Have you ever heard someone describe a woman as having “porcelain skin”?
It’s a real compliment. It means the woman has skin that’s smooth and flawless… like a China doll.
China dolls were all the rage long before little girls started playing with Barbies. And they were known for their gorgeous complexions.
Women spend a lot of money these days trying to achieve a porcelain complexion. Many opt for chemical peels that burn away skin with harsh acids. One of the most popular acids dermatologists use is trichloroacetic acid, or TCA.
But TCA has been shown to cause cancer in animals. The state of California even added it to its registry of toxic substances.1
I don’t recommend using harsh chemicals on your skin. Especially one that’s a known toxin like TCA.
Today, I’m going to share how you can get porcelain skin without putting your health at risk. And believe it or not, the secret comes right from China dolls themselves.
You see, the reason those dolls have such beautiful complexions is because they’re made from a special clay called kaolin. It’s named for Kao-ling, the town in China where it was first discovered around 1700. But most people call it “China clay.”
Kaolin clay is the secret to making fine china and porcelain.
But it is also the secret to giving your own skin a flawless finish. Let me explain…
China clay has unique electromagnetic qualities. The molecules in the natural clay have a negative charge. When it comes into contact with your skin, the charge binds to toxins and other impurities. It actually pulls them out through the pores of your skin.
Kaolin also has high levels of silica. That helps remove dead skin cells to clear the way for skin to regenerate.
This makes kaolin clay perfect for a facial mask. When you apply kaolin to your face, it deep cleans and purifies the skin. It removes blackheads and whiteheads, and softens the skin.
Other types of clay can be too harsh for your face. But China clay is gentle. It does not strip the skin of natural oils like some other clays can. And it has unique minerals like iron, magnesium, calcium, sodium and zinc that nourish skin.
Kaolin’s natural electromagnetic charge also increases blood circulation to give your skin a healthy glow.
I advise my patients to use a clay mask once or twice a week for a deep cleanse.
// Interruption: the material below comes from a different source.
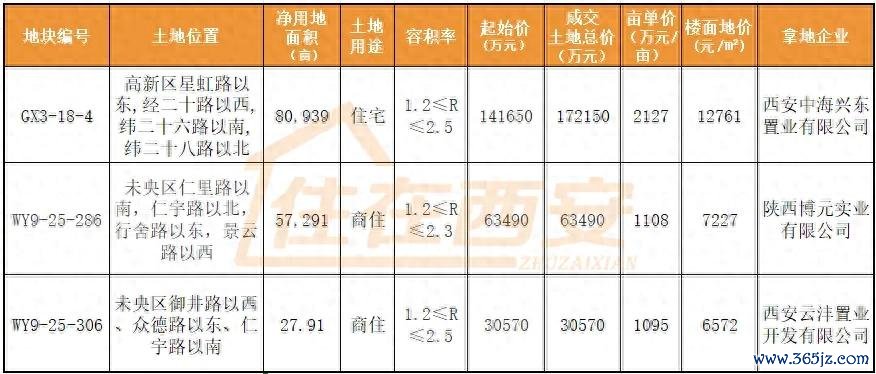 地块容积率1.2≤R≤2.5,地块起始价141650万元,成交总价172150万元,亩单价约2127万元/亩,楼面地价约12761元/㎡,摘地企业为西安中海兴东置业有限公司。

It can help draw out excess oils, dirt and environmental toxins that can add years to your face.
And if your skin is oily, it dislodges old sebum that clogs your pores and can lead to acne.
You can find powdered kaolin clay on the Internet. It’s not very expensive. You may also see it called China clay, white clay or kaolinite clay.
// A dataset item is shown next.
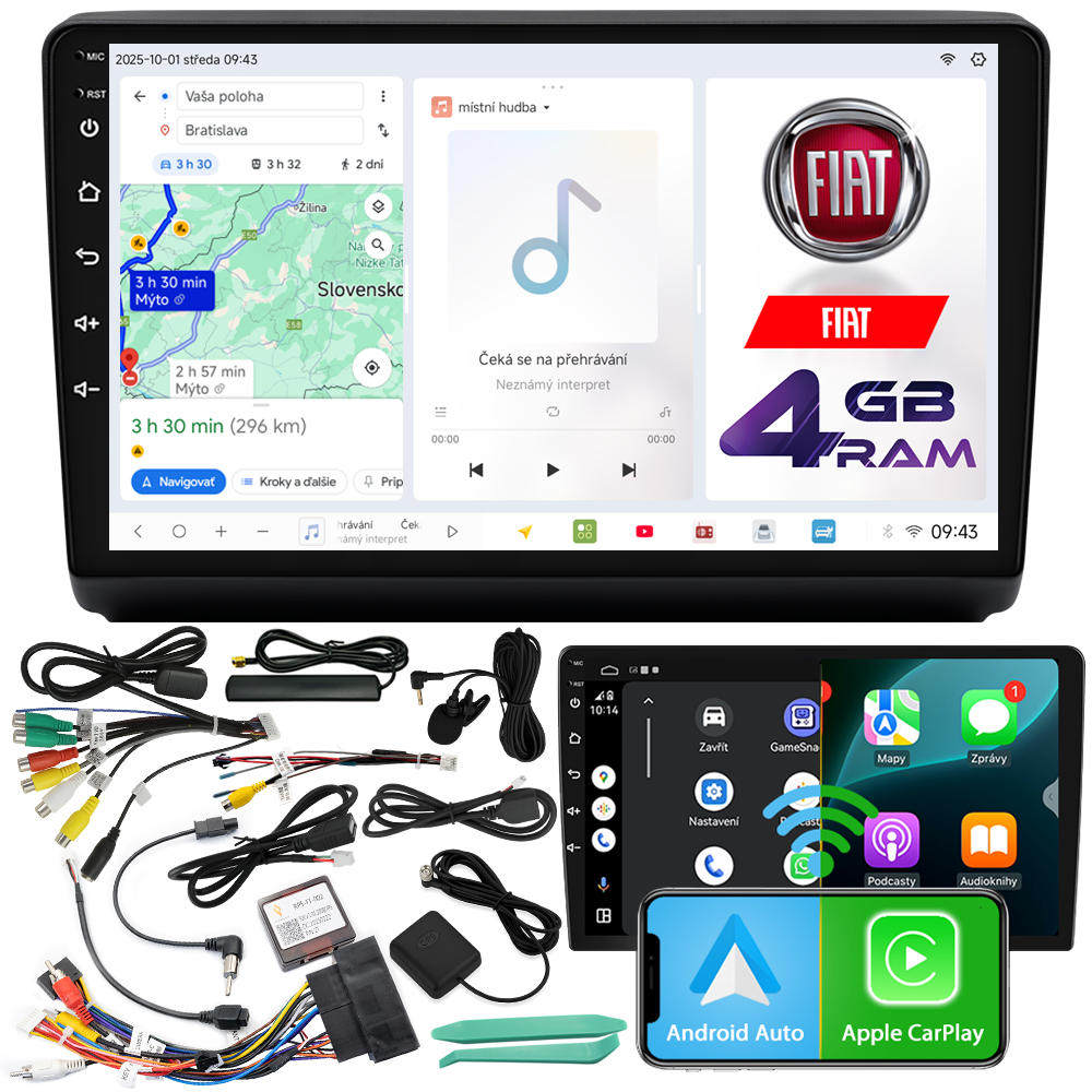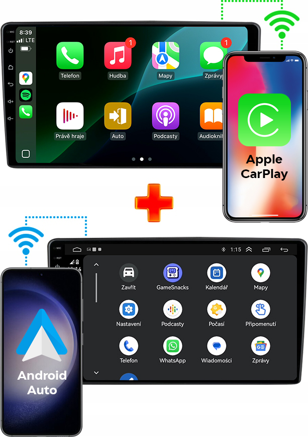 ✔️ Android Auto a Apple CarPlay – prístup k aplikáciám ako WhatsApp, Messenger, Spotify, YouTube, Deezer, Amazon Music

Kaolin comes in several different colors, depending on where it is found naturally. You can use any of them — red, orange, yellow, pink, brown, or white. But make sure it’s “cosmetic grade.”
To make a simple mask, just add two tablespoons of distilled water to two tablespoons of kaolin clay. But I also recommend adding some other ingredients to your clay mask to help boost your skin cells with vital nutrients and moisture.
Try making this easy kaolin clay mask at home. I think you’ll find it leaves your skin plumper, smoother, clearer, and more radiant… just like a China doll!
Kaolin Clay Face Mask
- 2 tablespoons of kaolin clay
- 2 tablespoons of chamomile infusion (chamomile tea steeped for five hours or more)
- 3 drops of lavender essential oil
- Mix all ingredients in a small glass or ceramic bowl. If the paste is too thin add more clay.
- Apply mask evenly to a damp, clean face with your fingertips.
- Let it dry 5 minutes for sensitive skin, or 15 minutes for normal or oily skin.
- Wash off the mask with warm water and a wet wash cloth.
- Apply your regular toner to close pores, followed by your moisturizer.
You can also add kaolin clay to your bath to soften and moisturize dry skin. Just mix ¼ cup of kaolin clay with a few drops of lemon or orange essential oil. Add the mixture to lukewarm bath water and soak for 10 to 20 minutes.
To Your Good Health,
Al Sears, MD, CNS
1. OEHHA Science For A Healthy California. Trichloroacetic Acid Hazard Identification Executive Summary. Jul 16, 1999.